Como Eduardo Anguita o Rosamel del Valle, Díaz-Casanueva (1906-1992) es un gran poeta que quedó un poco en tierra de nadie, extraviado entre dos épocas centrales de la poesía chilena, la de los grandes de principios del siglo XX –Mistral, Neruda, De Rokha, Huidobro– y la del surgimiento, en la segunda mitad del siglo, de voces de gran resonancia dentro y fuera del país –Parra, Rojas, Violeta, Lihn–.

Esto por supuesto es muy relativo pues Díaz-Casanueva obtuvo el Premio Nacional y siempre ha tenido lectores y estudiosos, pero no tantos como podría, igual que Anguita, pues al haberse abocado a una poesía presuntamente oscura o antigua, en contraste con las tendencias vanguardistas y coloquiales, quedaron ocultos por las grandes alamedas que abrió la antipoesía y el cruce entre poemas y artes visuales de los años 70. Felizmente, la obra de Díaz-Casanueva ha comenzado a rescatarse, siendo todo un hito la publicación de esta Poesía completa.

Mi maravilloso plan era leerlo de cabeza el fin de semana y dedicarle una columna para no tener que estar hablando otra vez de las chivas de Chadwick, las aberraciones de Maduro y otras balaustradas de la cochina contingencia. Así que volví a la oficina con el ejemplar de 1001 páginas ojeando feliz sus versos radiantes: “Una vez nos enojamos para conocernos de nuevo”.  

En eso estaba, disponiéndome a cerrar la jornada oficinesca para enterrarme en Díaz-Casanueva cuando escuché la noticia: murió en su Barcelona natal Claudio López de Lamadrid, la cabeza literaria mundial de la editorial en que trabajo y el gran puente de las últimas décadas para la literatura en castellano escrita a uno y otro lado del Atlántico. Se han publicado varios y preciosos obituarios (como el de su compañera Ángeles González Sinde o los de sus amigos Miguel Aguilar, Emiliano Monge o Rafael Gumucio). Una muerte tan abrupta y temprana aturde y apena y mi plan de columna se vino abajo.

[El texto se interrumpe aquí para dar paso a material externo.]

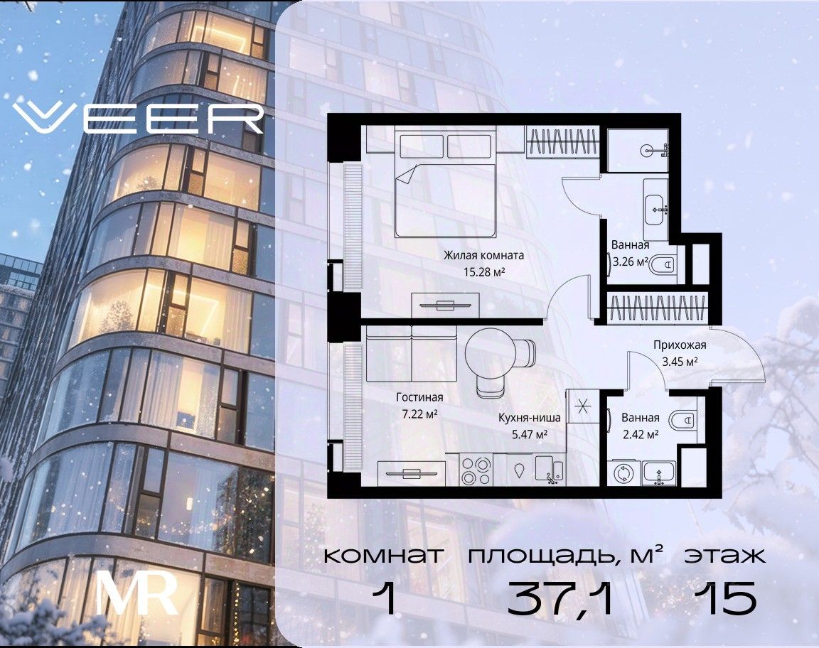 Продаётся 1-комнатная квартира общей площадью 37.10 м² без отделки в ЖК VEER на 15-м этаже 59 этажного дома.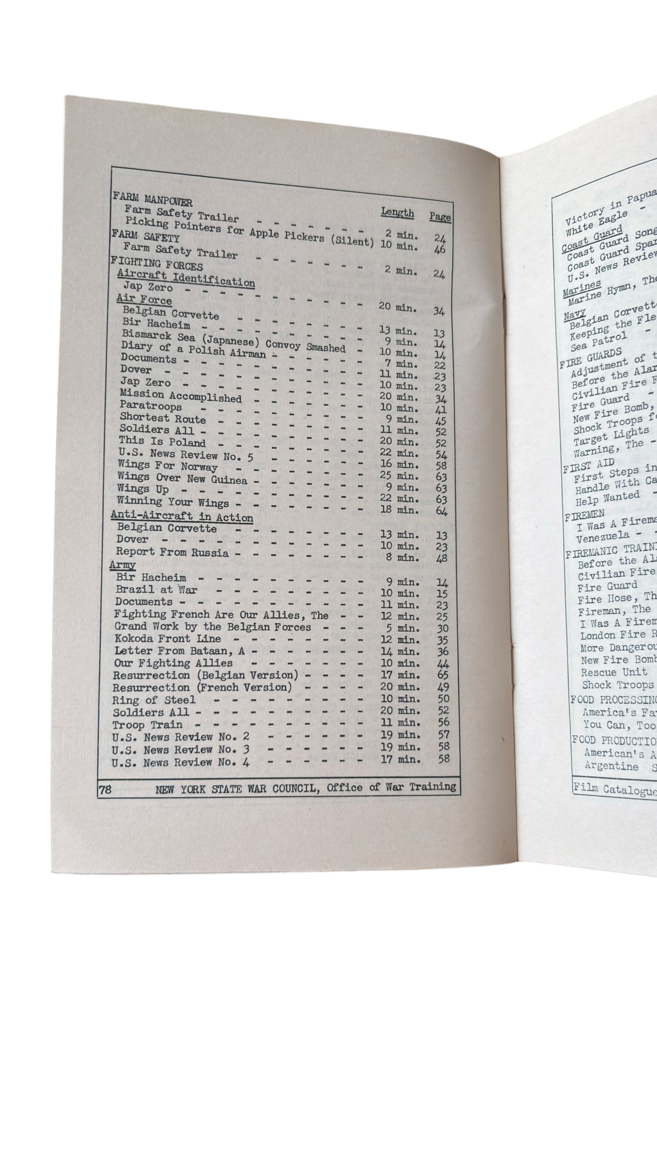 Livret intitulé “New York State War Film Catalogue and Handbook” (Catalogue et manuel des films de guerre de l’État de New York)

O no tanto, porque es perfectamente lógico celebrar y honrar aquí, al hablar de Díaz-Casanueva, la relación del gran lector y editor que fue Claudio con la poesía, en particular la chilena, de la que era un absoluto hincha y a la que conocía como pocos y por la cual siempre estaba inquiriendo, encargando libros, sondeando nombres. Creo que le hubiera gustado la historia y la voz de Díaz-Casanueva, el poeta, filósofo y diplomático que escribió 16 libros, entre ellos una elegía a la muerte de Rosamel del Valle (Sol ciego) y un poema tremendo sobre el apartheid africano (El niño de Robben Island).

Un día antes de recibir el libro y la negra noticia, caminaba por Avenida Santa María en dirección a Plaza Italia cuando leí unos versos escritos en las paredes que contienen al río Mapocho: “Y cuando ya de nosotros / sólo quede algo como una orilla / tenme también en ti / guárdame en ti como la interrogación de las aguas / que se marchan”. Son de un poema de Raúl Zurita que, por esas casualidades de la muerte, Claudio subió maravillado a Instagram ese mismo jueves, un día antes de morir. Ahora son cientos los que en España y Latinoamérica guardarán en sí a Claudio, como una luz, como un hermano, como un lector generoso y fuera de serie que se despidió del mundo con esos versos que hoy bordean, como al río, a tantos corazones devastados.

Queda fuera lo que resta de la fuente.